One consideration that permeates all of medicine, and especially intensive care medicine, is the challenge of appropriate resource allocation. Costs associated with successful resuscitation of the very littlest of newborns are substantial, and they are overshadowed by the costs of caring for children and adults with the sequelae of prematurity. Creating a health care system where pregnant women have access to the prenatal care that they need may have the biggest impact on the rate of premature birth over the next decade. It is encouraging that the rate of premature birth declined in 2000 for the first time in over a decade from 11.8% to 11.6%. However, lack of access to prenatal care remains a huge contributor to the rate of premature births, especially in rural and poor areas of the country. Without serious attention to this issue, this will become a worsening problem in coming years.

Until premature birth can be prevented there will be challenges surrounding the care of the VLBW infant. There are difficult decisions to be made regarding consent of the family in danger of delivering a very premature infant, resuscitation of that infant, long-term quality of life for the infant and family, and when treatment fails providing a pain-free death with dignity, which also provides emotional support for the family. The best care will be provided by physicians and support staff working closely with families to alleviate some of the inherent emotional distress associated with neonatal intensive care unit care.

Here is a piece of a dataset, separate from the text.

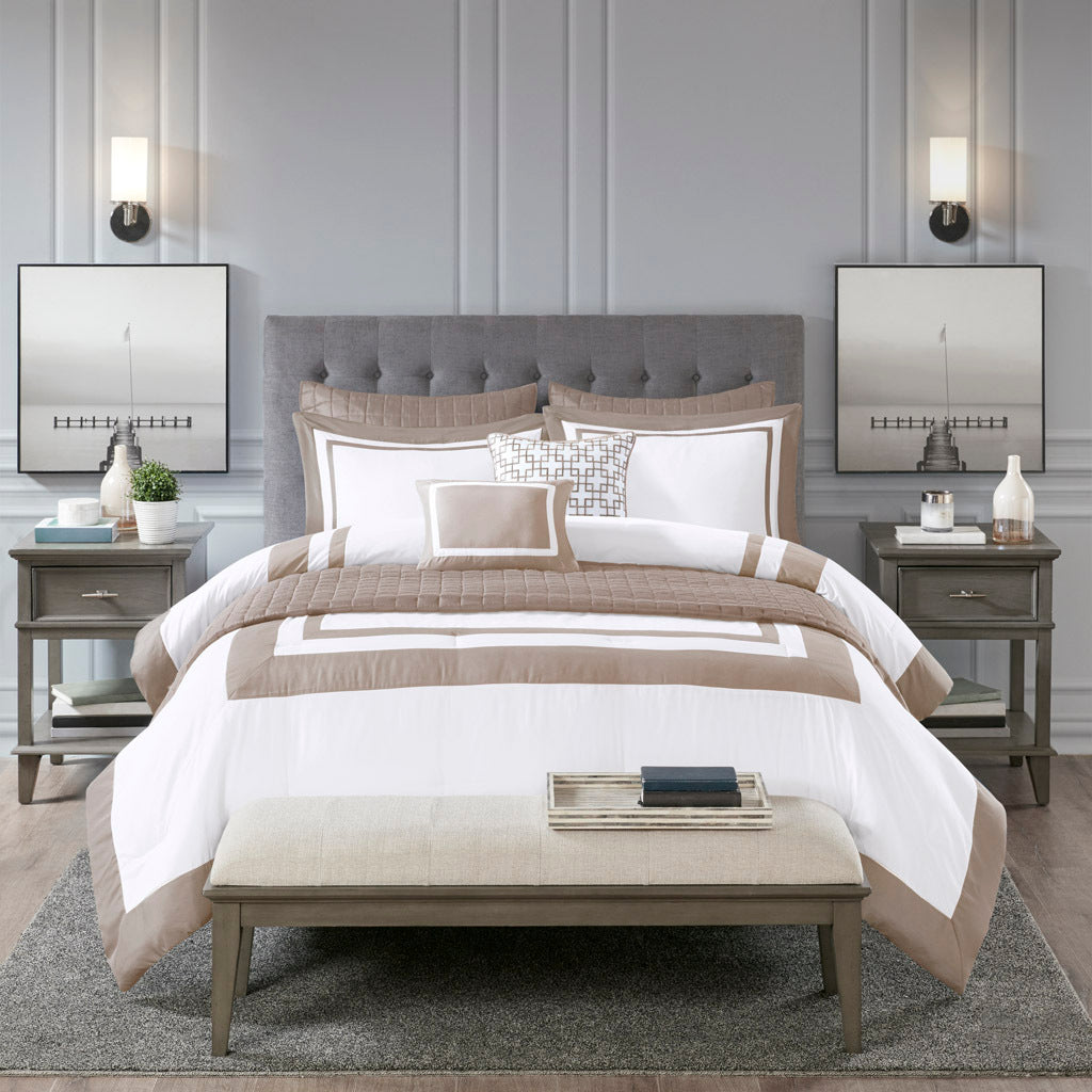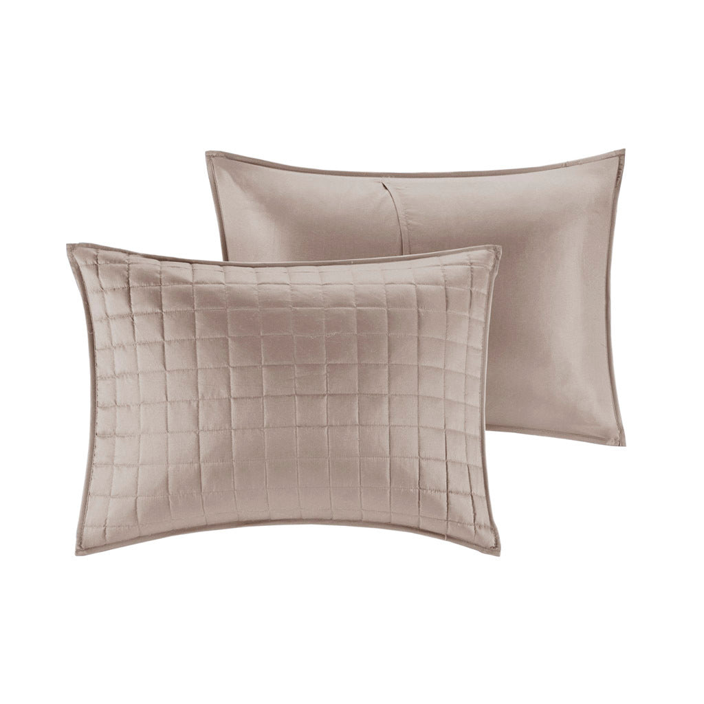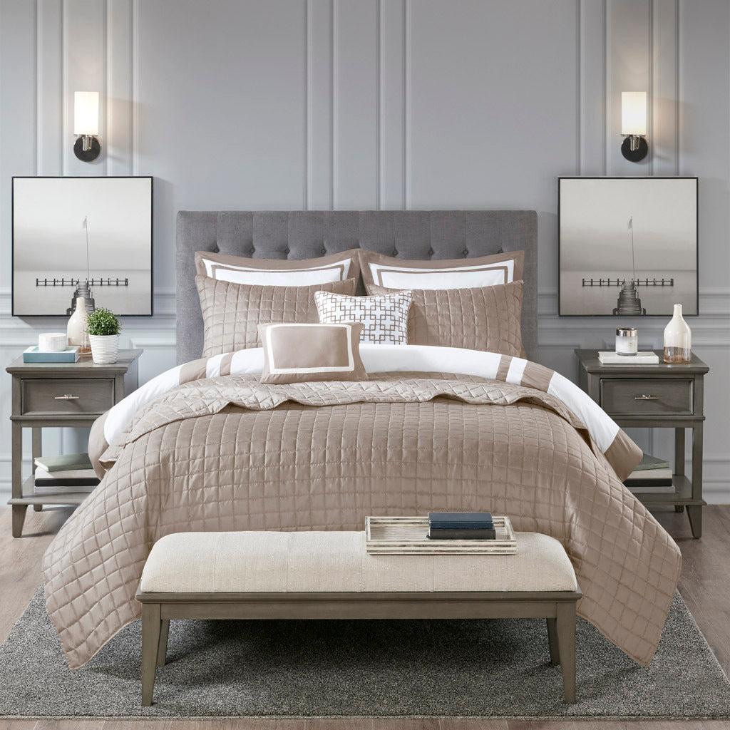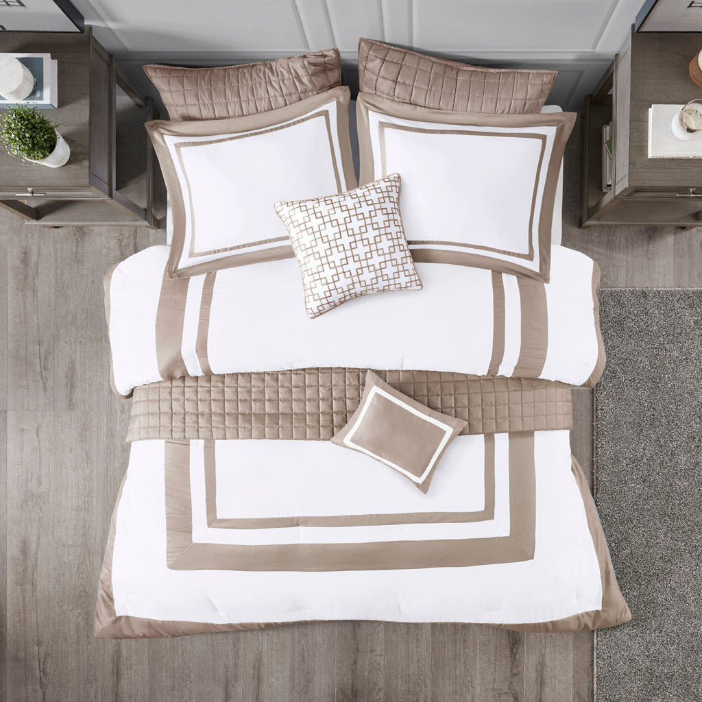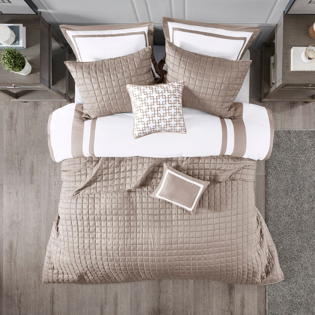 8 Piece Comforter And Quilt Set Collection Taupe Polyester

SEE ALSO: Informed consent, Prenatal care

Suggested Reading

  • Catlin, A. (Ed.). (2001). Special issue: Neonatal ethics. Journal of Clinical Ethics, 12.
  • Hack, M., Flannery, D. J., Schluchter, M., et al. (2002). Outcomes in young adulthood for very-low-birth-weight infants. New England Journal of Medicine, 346, 149—157.
  • Jonsen, A. R., Siegler, M., & Winslade, W. J. (2002). Clinical ethics: A practical approach to ethical decisions in clinical medicine (5th ed.). New York: McGraw-Hill.
  • Lantos, J. D., Mokalla, M., & Meadow, W. (1997). Resource allocation in neonatal and medical ICUs. American Journal of Respiratory Critical Care Medicine, 156, 185—189.
  • Lee, S., Penner, P. L., & Cox, M. (1991). Impact of very low birth weight infants on the family and its relationship to parental attitudes. Pediatrics, 88, 105-109.
  • Meadow, W., Goldblatt, A. D., & Lantos, J. (2002). Current opinion in pediatrics: Ethics and law 2001. Current Opinion in Pediatrics, 12, 170-173.
  • Philip, A. G. (1995). Neonatal mortality rate: Is further improvement possible? Journal of Pediatrics, 126, 427-433.
  • Pierucci, R. L., Kirby, R. S., Leuthner, S. R., et al. (2001). End-of-life care for neonates and infants: The experience and effects of a palliative care consultation service. Pediatrics, 108(3), 653-660.